Verwendet wird der Zwiebellauch oder die eigentliche Zwiebel meist fein gehackt oder in Ringe geschnitten, sie wird roh oder geröstet gegessen oder beim Garen anderer Speisen (so etwa im Gemüse) mitgedünstet. Zwiebeln enthalten ein sulfidhaltiges ätherisches Öl und wirken dadurch reizend auf den Magen. Durch Kochen, Dünsten oder Braten wird aus den glykosidischen Verbindungen der Zwiebel der Zucker freigesetzt. Die Zwiebel wird dadurch süßer. Angeschnittene Zwiebeln sollten nicht oder nur in der Käseglocke im Kühlschrank aufbewahrt werden, da sich ihr Geruch auf alle anderen Lebensmittel und Verpackungen überträgt. Auch ihr Geschmack leidet.

Zwiebelgerichte:

  • Zwiebelkuchen
  • Bollenfleisch
  • Zwiebelsuppe
  • Stifado

Zwiebeln als Fleischzartmacher

Vor allem in älteren Rezepten vom Balkan, aus dem östlichen Mittelmeerbereich und dem Nahen Osten wird Zwiebelsaft (Presssaft aus Zwiebeln von Allium cepa L.) als Fleischzartmacher eingesetzt. Dazu werden Fleischwürfel, die sonst eher zäh sind, etwa Teile vom Hammel, über Nacht in einer Mischung aus Zwiebelsaft und (Oliven-)Öl oder in Milch nach Belieben mit Gewürzen eingelegt. Insbesondere für Grillfleisch empfiehlt sich das Verfahren. In der modernen Küche, die auf möglichst kurze Zubereitungszeiten Wert legt, wird diese Verfahrensweise in Hinblick auf die lange Marinierzeit und den Aufwand immer seltener genutzt.

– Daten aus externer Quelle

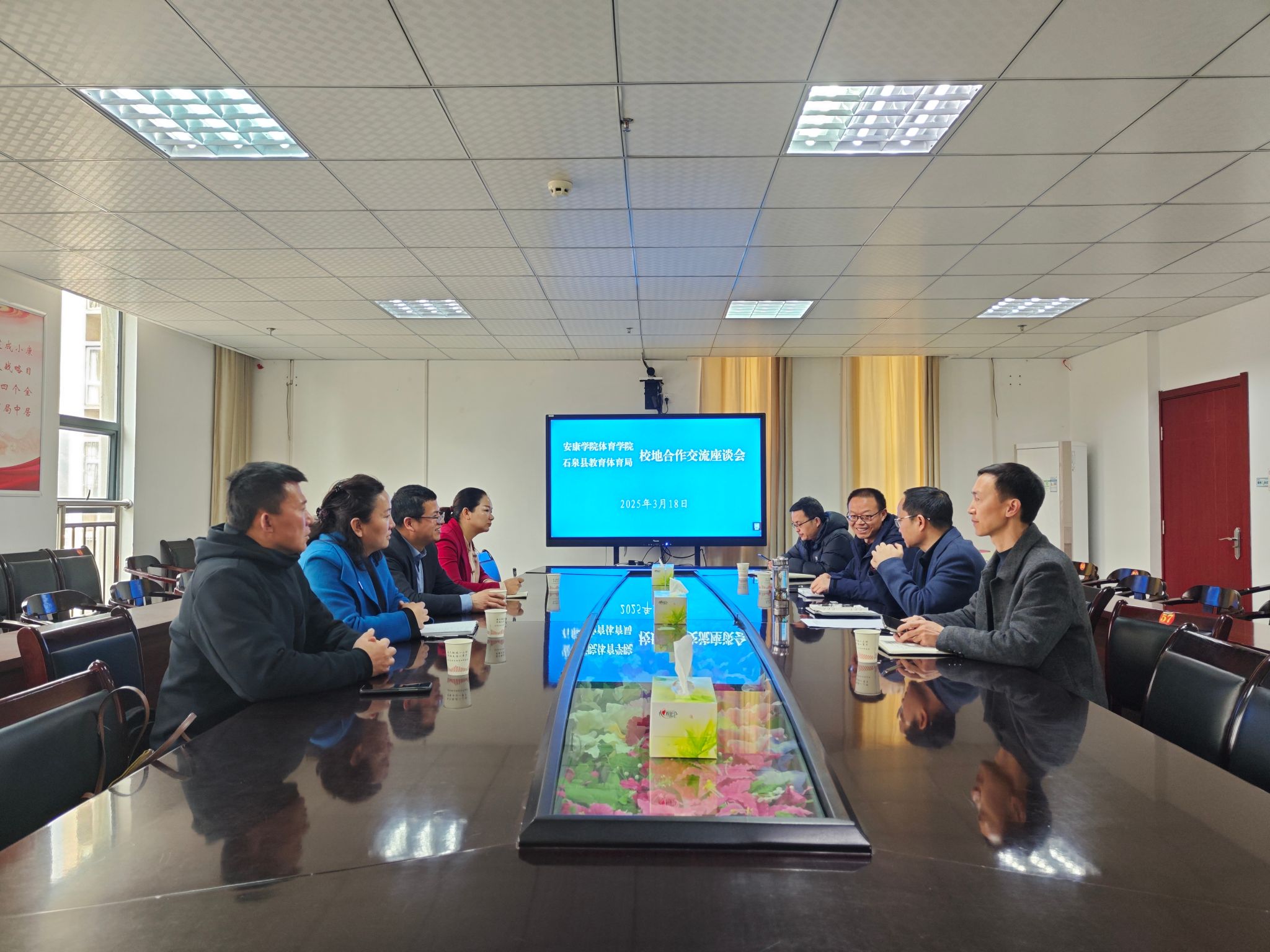 2025年3月18日,太阳集团tyc539领导班子一行赴石泉县教育体育局开展校地合作交流,石泉县教体局局长张诗波,师训教研中心主任邱礼建、人事股股长严永成及体育中心主任颜鲁怀参加了交流座谈。双方围绕中小学体育教师队伍建设、体育教师培训、全民健身服务及体育赛事举办等议题展开深入探讨,旨在深化校地合作,推动人才培养与地方发展深度融合。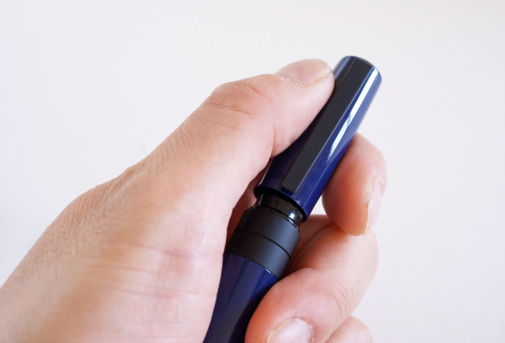 外したキャップは、どうやら後ろにささない方がよいようだ。その方がライティングポジションをとった時のバランスが決まりやすい。そもそも「ペンジャケット」のボディは少々長めなので、キャップをささずとも十分快適に握れる。

Auch der klassische Spießbraten profitiert von der Zwiebel als Weichmacher. In das Fleisch werden rohe Zwiebeln sowie Pfeffer und Salz eingewickelt. Nach einer Ruhezeit von wenigstens zwölf Stunden besitzt das Fleisch beste Voraussetzungen für einen durchgehend saftigen Braten und erhält zudem einen charakteristischen Geschmack.

Silberzwiebeln

Die Silberzwiebel (nicht zu verwechseln mit der Perlzwiebel) ist eine besonders kleine Sorte (15–35 mm Durchmesser), der ihre schützende Schale fehlt, weswegen sie besonders empfindlich ist. Im Handel sind sie nur in Gläsern erhältlich. Ihr Name kommt von der hellsilbrig scheinenden Außenhaut. Frische Silberzwiebeln werden hauptsächlich aus den Niederlanden importiert und zu Sauerkonserven, wie Mixed Pickles, verarbeitet.

Gemüsezwiebeln

Unter der Sammelbezeichnung „Gemüsezwiebeln“ werden umgangssprachlich Sorten mit sehr großen und mild schmeckenden Zwiebeln zusammengefasst, die sich besonders zur Zubereitung bzw. zum Verzehr als Gemüsebeilage in den entsprechenden Portionen eignen.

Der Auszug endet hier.